# New wheels



## trevor_geiger (Nov 29, 2012)

Nice wing, and I like the wheels!


Just Cruzin'


----------



## danielp23 (May 14, 2013)

Looks nice so far! Now just need some window tint!


----------



## marden64 (Dec 1, 2013)

That's my next step. Trying to decide on how dark I want to go and whether or not I want black or green tint.

When warm weather comes, I'll be putting some plasticdip on all the chrome and bowties. Wife said she would buy me the vg shark fin for my birthday in a few months. Going to have a couple decals made up of my avatar and put them on the small windows. But otherwise, that's about it for appearance.


----------



## Mick (Dec 31, 2011)

Nice looking Cruze. The wheels look pretty good in 17's. Just enough tire to fill the gap but not to look like your riding on life savers.
I'm not a fan of the cleaner you used on the wheels though, it makes it look spotty. 
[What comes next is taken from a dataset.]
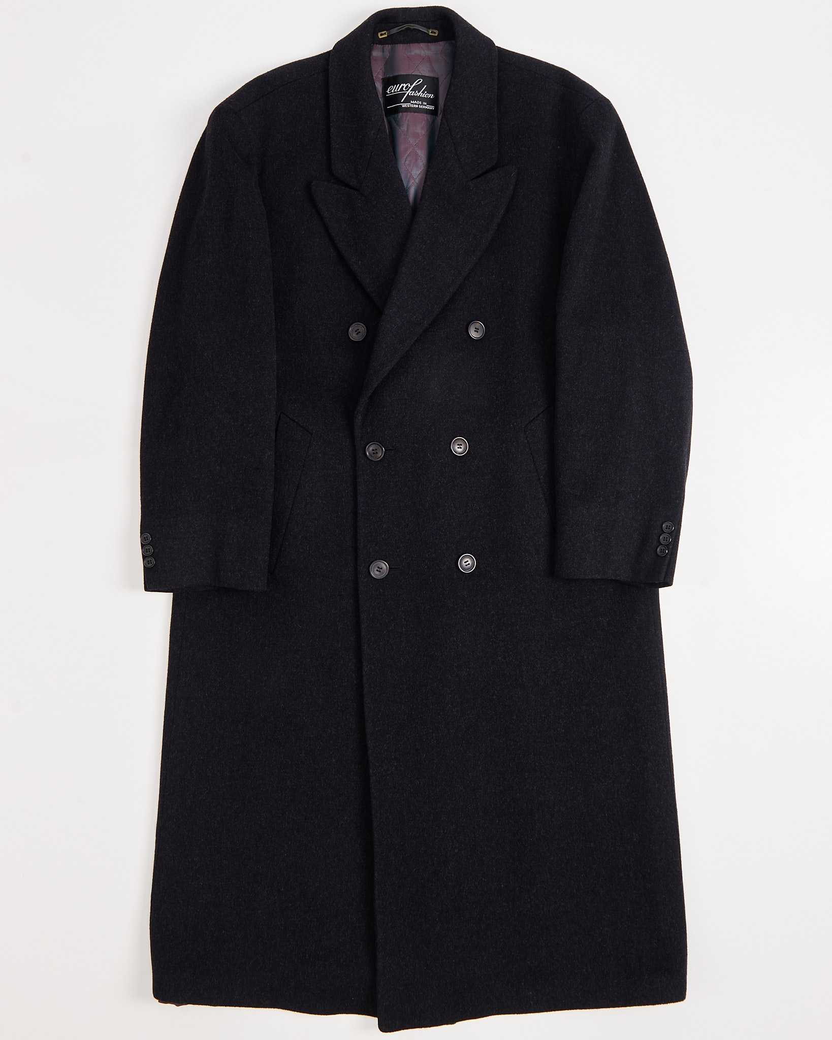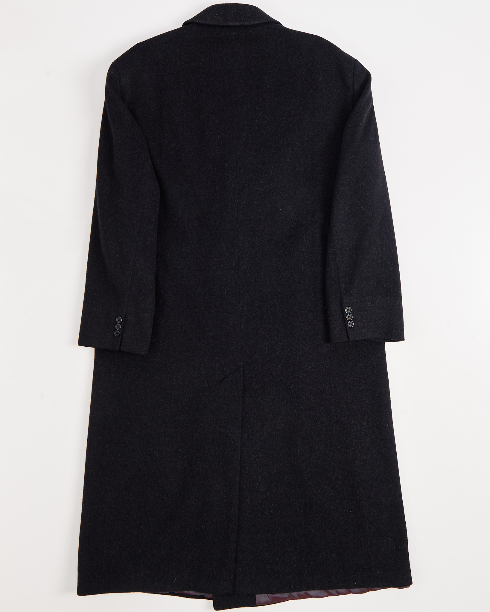 Двубортное пальто из шерсти и кашемира в цвете темно-серый графит. Классический крой.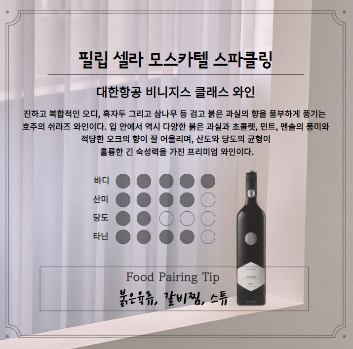 잘 어울리며, 산도와 당도의 균형이 훌륭한 긴 숙성력을 가진 프리미엄 와인 이에요 -

Once you get tint on and plasti dip it'll be complete. 20% if city not too strict but at least make sure they all match. I'm picturing green tint as looking tacky.

Don't forget the green side markers.


----------



## marden64 (Dec 1, 2013)

Mick said:


> Nice looking Cruze. The wheels look pretty good in 17's. Just enough tire to fill the gap but not to look like your riding on life savers.
> I'm not a fan of the cleaner you used on the wheels though, it makes it look spotty.
> 
> Once you get tint on and plasti dip it'll be complete. 20% if city not too strict but at least make sure they all match. I'm picturing green tint as looking tacky.
> ...


To cold outside to do any type of detailing. Those spots are just water spots. Was looking at some green tint online this afternoon and will probably end up going with black instead. 30% more than likely. Don't want it to dark or I wont be able to see at night time when backing up.


----------



## Aus348 (Sep 22, 2013)

marden64 said:


> That's my next step. Trying to decide on how dark I want to go and whether or not I want black or green tint.
> 
> When warm weather comes, I'll be putting some plasticdip on all the chrome and bowties. Wife said she would buy me the vg shark fin for my birthday in a few months. Going to have a couple decals made up of my avatar and put them on the small windows. But otherwise, that's about it for appearance.


Personally I think 5% rear 20% front is a great shade because that's what I have and the contrast allows police to see that you understand the rules, also it is easy to see out at night, especially the front windows.


----------



## marden64 (Dec 1, 2013)

I'm thinking I'll just go with 35% all round. Had a Golf that was 5% and couldn't see out the windows at night. Good going old age making the eyes bad


----------



## trevforever (Feb 20, 2014)

Could you tell me more about your wheels?
where did you get them?
What brand?
Price?


----------



## Smurfenstein (Nov 16, 2011)

Not bad at all for that much tire. Also don't be afraid to go with a bigger rim because of harsh roads, as long as you don't go larger than 18" you will still have plenty of tire wall to still have a comfy ride.

Also I moved your thread since it is about wheels specifically.


----------



## marden64 (Dec 1, 2013)

Bought them at a local shop. They are a DAI Target 16" winterized wheel. Got them for $100can each.

Went with the 16" because of my budget. Can reuse the stock tire. These ones have a 2 year warranty on them. I only put about 15k km on the car per year so the tires should last me. At that time when I need to replace the tires, guessing about 2 years, I'll look into the 18" and use winters on these 16" or the stock 16".


----------